*** Opening of Input data ***
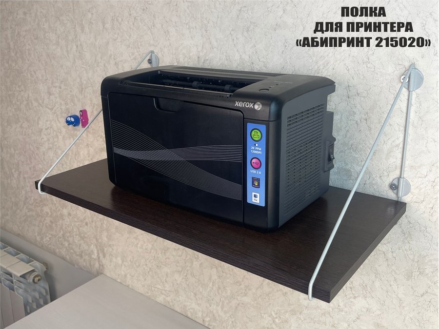 Полка надежно крепится к стене при помощи анкеров или шурупов с дюбелями, на ней можно разместить принтер, сканер, МФУ и многое другое
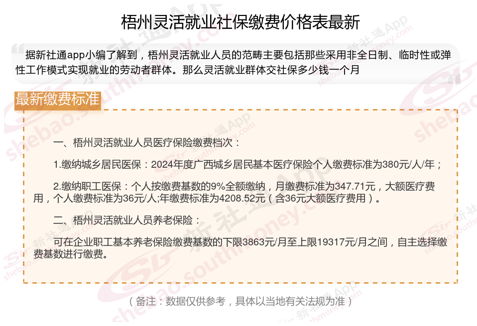 一、2024年梧州灵活就业社保缴费标准表 梧州灵活就业社保多少钱一个月?
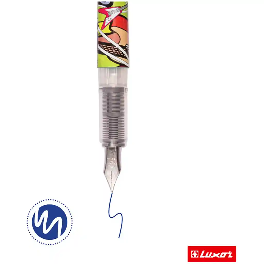 Pluma estilográfica Luxor Ink Glide con cuerpo de colores brillantes y punta de iridio. La pluma estilográfica tiene un grosor de línea de escritura de 0,8 mm. El bolígrafo azul es ideal para trabajar y firmar documentos importantes. El mango tiene un diseño vibrante con colores mezclados. El cuerpo de plástico liviano es cómodo de sostener en la mano. Diseños de estuches variados.
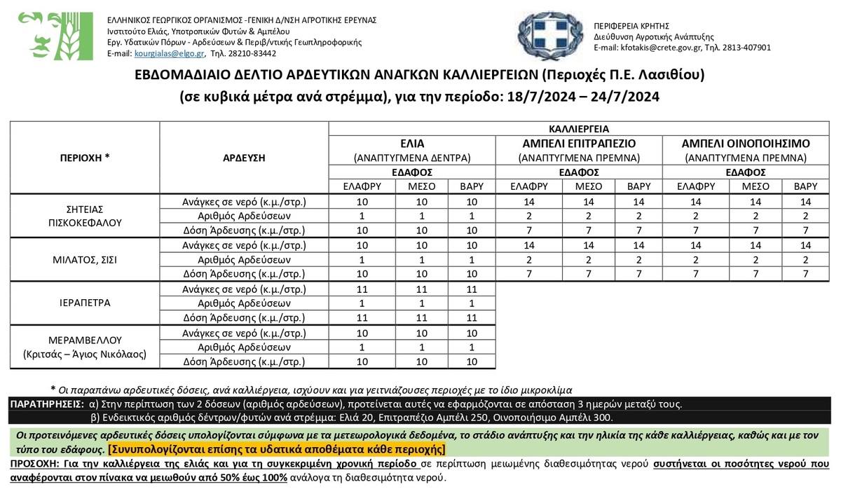 Το αρδευτικό δελτίο για την Π.Ε. Λασιθίου ΛΑΣΙΘΙ ΙΕΡΑΠΕΤΡΑ 10:58 π.μ. - Πέμπτη 18 Ιουλίου 2024 10:07 π.μ. - Πέμ, 18/58/2024 ΛΑΣΙΘΙ, ΔΕΛΤΙΟ ΑΡΔΕΥΣΗΣ Από 18/07 έως 24/07/2024 Η Περιφέρεια Κρήτης σε συνεργασία με το Ινστιτούτο Ελιάς Υποτροπικών Φυτών & Αμπέλου του ΕΛΓΟ-ΔΗΜΗΤΡΑ κοινοποιεί το 15ο Ενημερωτικό Δελτίο Άρδευσης, για την περίοδο από 18/07 έως 24/07/2024.
*** Close of Input data ***
Problem requirements - Omit pictures and output the listing exactly.

Solution to this problem -
 Полка надежно крепится к стене при помощи анкеров или шурупов с дюбелями, на ней можно разместить принтер, сканер, МФУ и многое другое
 一、2024年梧州灵活就业社保缴费标准表 梧州灵活就业社保多少钱一个月?
 Pluma estilográfica Luxor Ink Glide con cuerpo de colores brillantes y punta de iridio. La pluma estilográfica tiene un grosor de línea de escritura de 0,8 mm. El bolígrafo azul es ideal para trabajar y firmar documentos importantes. El mango tiene un diseño vibrante con colores mezclados. El cuerpo de plástico liviano es cómodo de sostener en la mano. Diseños de estuches variados.
 Το αρδευτικό δελτίο για την Π.Ε. Λασιθίου ΛΑΣΙΘΙ ΙΕΡΑΠΕΤΡΑ 10:58 π.μ. - Πέμπτη 18 Ιουλίου 2024 10:07 π.μ. - Πέμ, 18/58/2024 ΛΑΣΙΘΙ, ΔΕΛΤΙΟ ΑΡΔΕΥΣΗΣ Από 18/07 έως 24/07/2024 Η Περιφέρεια Κρήτης σε συνεργασία με το Ινστιτούτο Ελιάς Υποτροπικών Φυτών & Αμπέλου του ΕΛΓΟ-ΔΗΜΗΤΡΑ κοινοποιεί το 15ο Ενημερωτικό Δελτίο Άρδευσης, για την περίοδο από 18/07 έως 24/07/2024.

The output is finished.